**Your task**
When you output the records, match them exactly and omit any picture they include.

##########

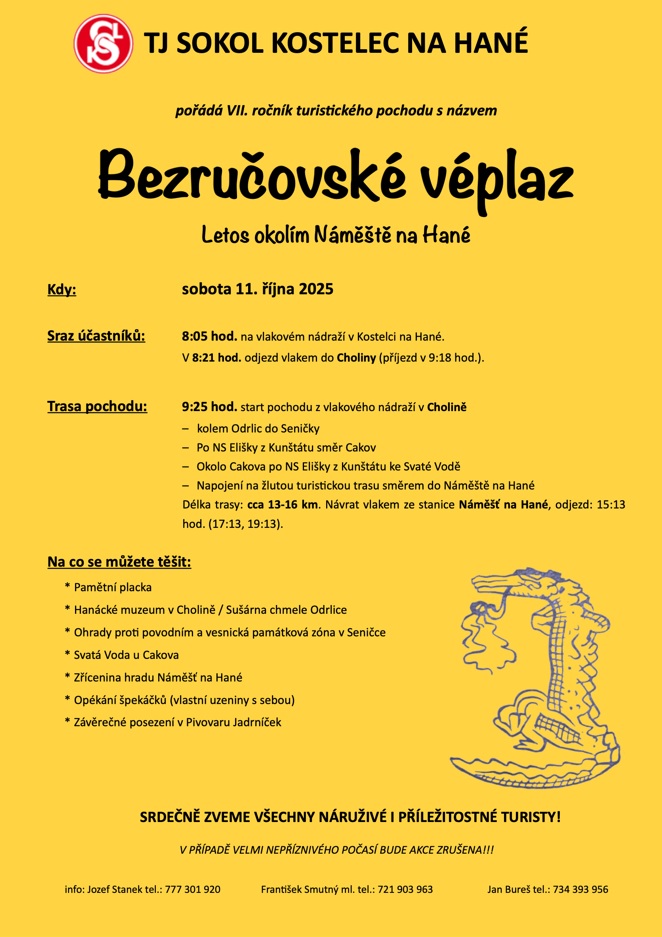TJ Sokol Kostelec na Hané pořádá v sobotu 11.10.2025 tradiční turistický pochod, který nás letos provede okolím Náměště na Hané.Sraz účastníků v 8.05 hodi na vlakovém nádraží v Kostelci na Hané. V případě nepříznivého počasí bude akce zrušena.
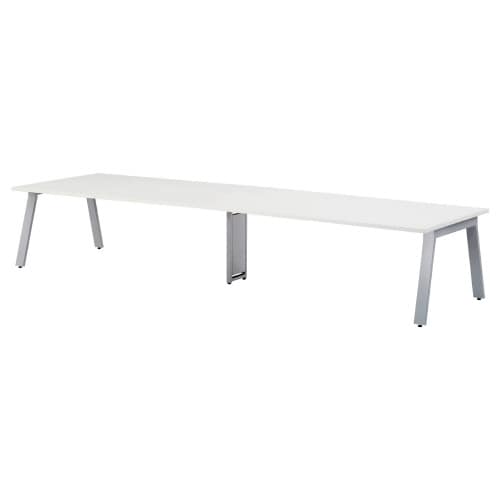 ハの字脚で安定感抜群のビッグテーブル。中間脚はワイヤリングカバー付で床からの立上げ配線を収納。脚間が広い設計。脚にはレベル調整用のアジャスター付き。指紋などの汚れが目立ちにくい抗菌メラミン化粧板。 |
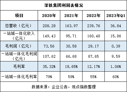 其中2020-2022年,深铁实际销售额分别为171.07亿元、268.04亿元、270亿元,2023年一季度则为105.75亿元。
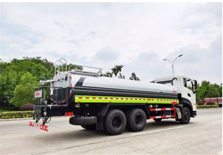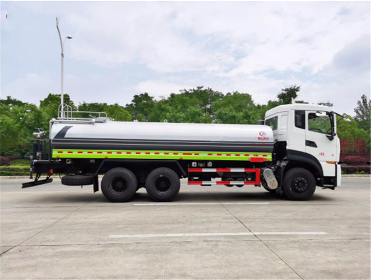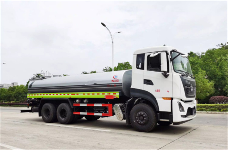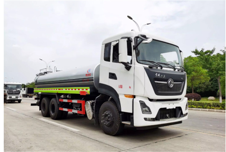 东风天龙KL/VL后双桥洒水车是一款采用国六排放标准东风天龙后双桥原装底盘改装的环卫车,该车配置豪华,驾乘舒适,该车罐体容积:18立方米,标配前冲、后洒、侧喷、后平台高炮,是园林绿化、小区物业、公路养护的常用车型。 国六东风天龙后双桥18方高端洒水车(绿化喷洒车)底盘配置:采用东风天龙后双桥原装底盘,东风天龙豪华驾驶室,4400+1350mm轴距,搭载国六(国Ⅵ)东风康明斯290马力柴油发动机,功率213kw;东风商用DDi350马力柴油发动机,功率257kw,国六排放,陕齿法士特9档变速箱,11.00R20钢丝胎/295真空胎,前桥5T,后桥双10T,方向助力,断气刹,排气制动,原装空调,行驶记录仪,多媒体显示屏,电动门窗,中控锁,气囊座椅,ABS。 国六东风天龙后双桥18方高端洒水车(绿化喷洒车)专用配置:罐体容积:18立方米,罐体钢板为4mm碳钢Q235材质专用容积板一次成型,罐内隔板具有防波作用,以减轻汽车行驶时罐体液体冲击;配大功率专用洒水泵,泵可自吸自排;整车前冲、后洒、侧喷、后平台带绿化洒水炮,洒水炮可全方位旋转,可连续调成直冲状、大雨、小雨、毛毛雨;前封头带水位计,后平台主管路带1寸浇花接口,后爬梯,带1个消防接头,带1个自流阀,1个过滤装置。
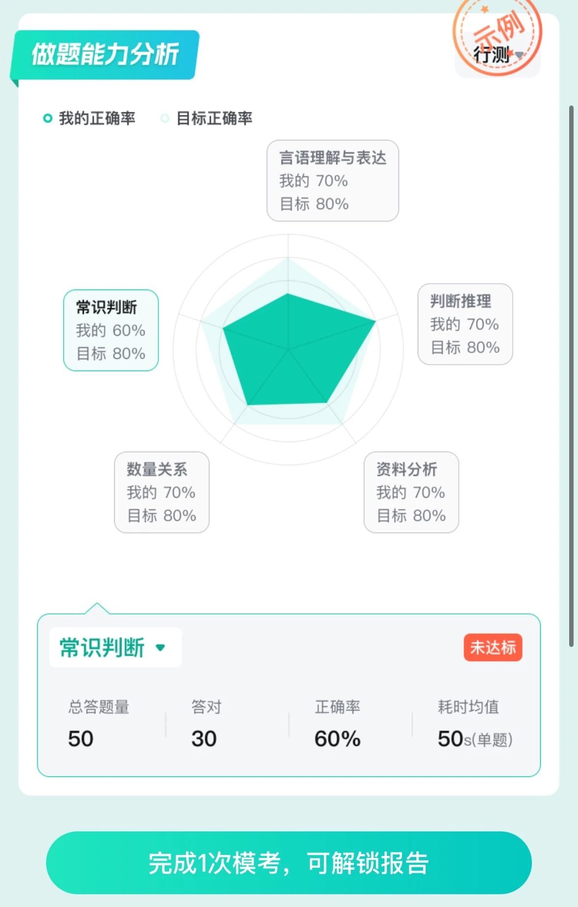 3??生成個(gè)人??紙?bào)告:考完就能查看模考成績(jī)、排名及解析,生成的個(gè)人??紙?bào)告包含各模塊正確率分布、做題能力分析、筆試分?jǐn)?shù)yu測(cè)等內(nèi)容。

##########

**Solution for this problem**
TJ Sokol Kostelec na Hané pořádá v sobotu 11.10.2025 tradiční turistický pochod, který nás letos provede okolím Náměště na Hané.Sraz účastníků v 8.05 hodi na vlakovém nádraží v Kostelci na Hané. V případě nepříznivého počasí bude akce zrušena.
 ハの字脚で安定感抜群のビッグテーブル。中間脚はワイヤリングカバー付で床からの立上げ配線を収納。脚間が広い設計。脚にはレベル調整用のアジャスター付き。指紋などの汚れが目立ちにくい抗菌メラミン化粧板。 |
 其中2020-2022年,深铁实际销售额分别为171.07亿元、268.04亿元、270亿元,2023年一季度则为105.75亿元。
 东风天龙KL/VL后双桥洒水车是一款采用国六排放标准东风天龙后双桥原装底盘改装的环卫车,该车配置豪华,驾乘舒适,该车罐体容积:18立方米,标配前冲、后洒、侧喷、后平台高炮,是园林绿化、小区物业、公路养护的常用车型。 国六东风天龙后双桥18方高端洒水车(绿化喷洒车)底盘配置:采用东风天龙后双桥原装底盘,东风天龙豪华驾驶室,4400+1350mm轴距,搭载国六(国Ⅵ)东风康明斯290马力柴油发动机,功率213kw;东风商用DDi350马力柴油发动机,功率257kw,国六排放,陕齿法士特9档变速箱,11.00R20钢丝胎/295真空胎,前桥5T,后桥双10T,方向助力,断气刹,排气制动,原装空调,行驶记录仪,多媒体显示屏,电动门窗,中控锁,气囊座椅,ABS。 国六东风天龙后双桥18方高端洒水车(绿化喷洒车)专用配置:罐体容积:18立方米,罐体钢板为4mm碳钢Q235材质专用容积板一次成型,罐内隔板具有防波作用,以减轻汽车行驶时罐体液体冲击;配大功率专用洒水泵,泵可自吸自排;整车前冲、后洒、侧喷、后平台带绿化洒水炮,洒水炮可全方位旋转,可连续调成直冲状、大雨、小雨、毛毛雨;前封头带水位计,后平台主管路带1寸浇花接口,后爬梯,带1个消防接头,带1个自流阀,1个过滤装置。
 3??生成個(gè)人??紙?bào)告:考完就能查看模考成績(jī)、排名及解析,生成的個(gè)人??紙?bào)告包含各模塊正確率分布、做題能力分析、筆試分?jǐn)?shù)yu測(cè)等內(nèi)容。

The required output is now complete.